Auf der Bühne antwortete er als Regisseur auch diesmal karg, konzentriert auf Personenregie und Verständlichkeit. Zuletzt reicht ihm die ganze grausliche Turbo-Dramatik, es muss ein Ende geben. Das Spiel mündet in Abstraktion, zu den letzten Takten, den letzten Tötungsabsichten und Verzweiflungen kommen die Protagonisten an die Rampe und die soeben verblichene Leonora gesellt sich dazu.
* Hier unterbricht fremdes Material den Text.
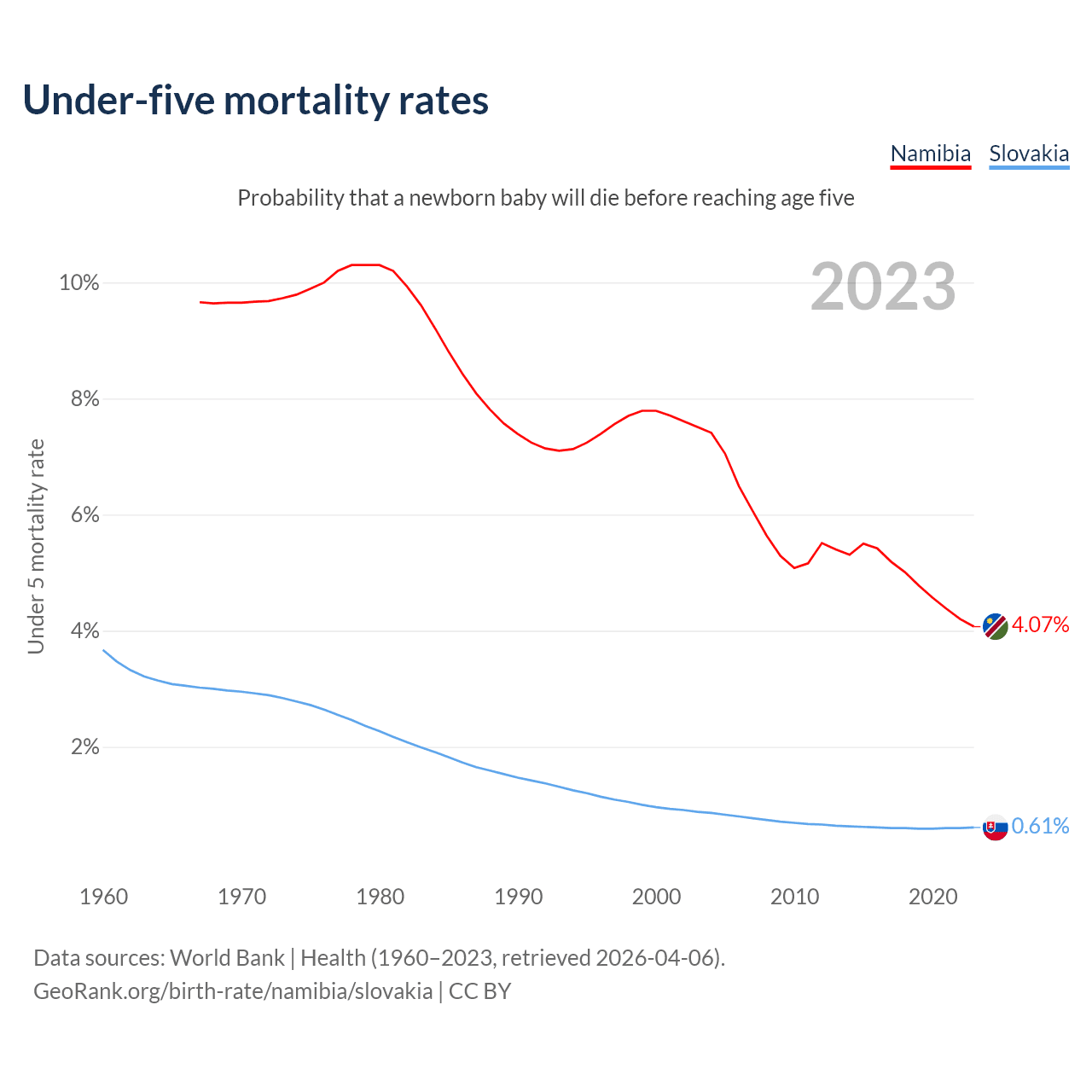 The chance that a newborn baby will die before reaching age five is 4.07% in Namibia and 0.61% in Slovakia. Above is a chart with historical data on under-five mortality rates.
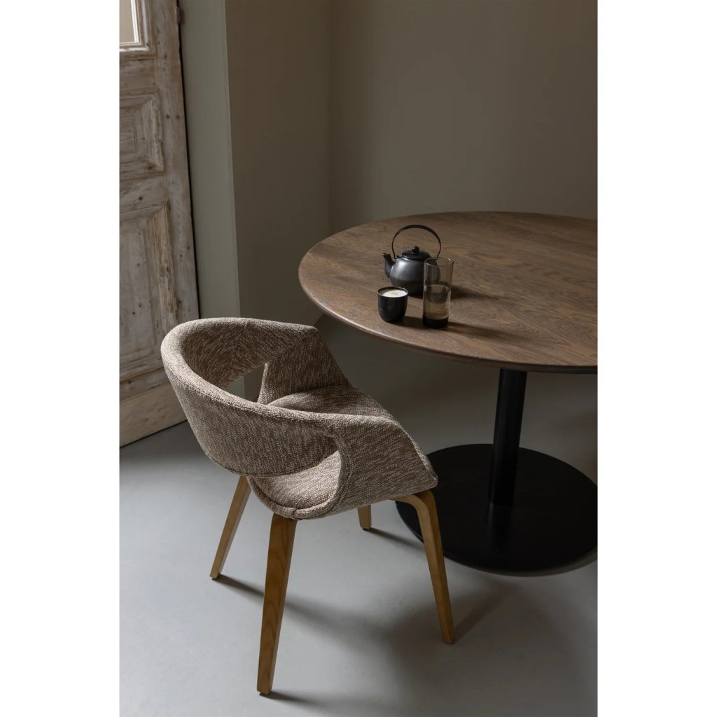 Jídelní židle YOSSI skvěle zapadne do každého interiéru a je krásně kombinovatelná s jakýmkoliv stolem ve světlé či tmavé barvě, kulatého či hranatého tvaru. Elegantní spojení tkané látky a dřevěných nohou rozzáří vaši jídelnu či kuchyň. Tato židle je díky svému propracování opravdu pohodlná, proto jí můžete využít také v pracovně u stolu.

Das Einheitsbühnenbild ist von „Rigoletto“ geblieben, allerdings kommt vom Licht und von Kostümbildnerin Lenka Radecky gedeckte Farbe ins Spiel. Bühnenbildner Jan Hax Halama deutet jeweils in der Bühnenmitte mit Grün, mit Feuer, einem Zelt, Säulen usw. Schauplätze an.
Anna Princeva singt die Leonora hervorragend mit jugendfrischer Ausstrahlung und leuchtendem Sopran. Ferdinand von Bothmer, in Erl im Wagner-Fach bekannt und nach wie vor ein deutscher Tenor, geht Verdi mit Intelligenz und Stilsicherheit in der Phrasierung an, sein Manrico kann sich absolut hören lassen. Beide Sänger werden von Kuhn getragen und geradezu betreut, sie entwickeln sich nicht zuletzt in Erl durch die Chance solcher Rollen.
Michael Kupfer übersiedelt seinen Wagner-erprobten Bariton nicht mühelos zu Verdi. Sein Graf Luna tritt als durchsetzungsfreudiger Bösewicht hervor, hart und unbarmherzig im Ausdruck, es fehlt aber doch an Geschmeidigkeit. Hermine Haselböck ist als Azucena mit sattem, schönem Alt und ihrem gepflegten differenzierten Singen eine Überraschung. Prächtig der Ferrando von Giovanni Battista Parodi, sehr gut die Ines von Emily Righter, in kleinen Rollen Patrizio Saudelli, Volker Frank Giese und Luca Granziera. Sehr fein austariert und klanglich schön die Chöre.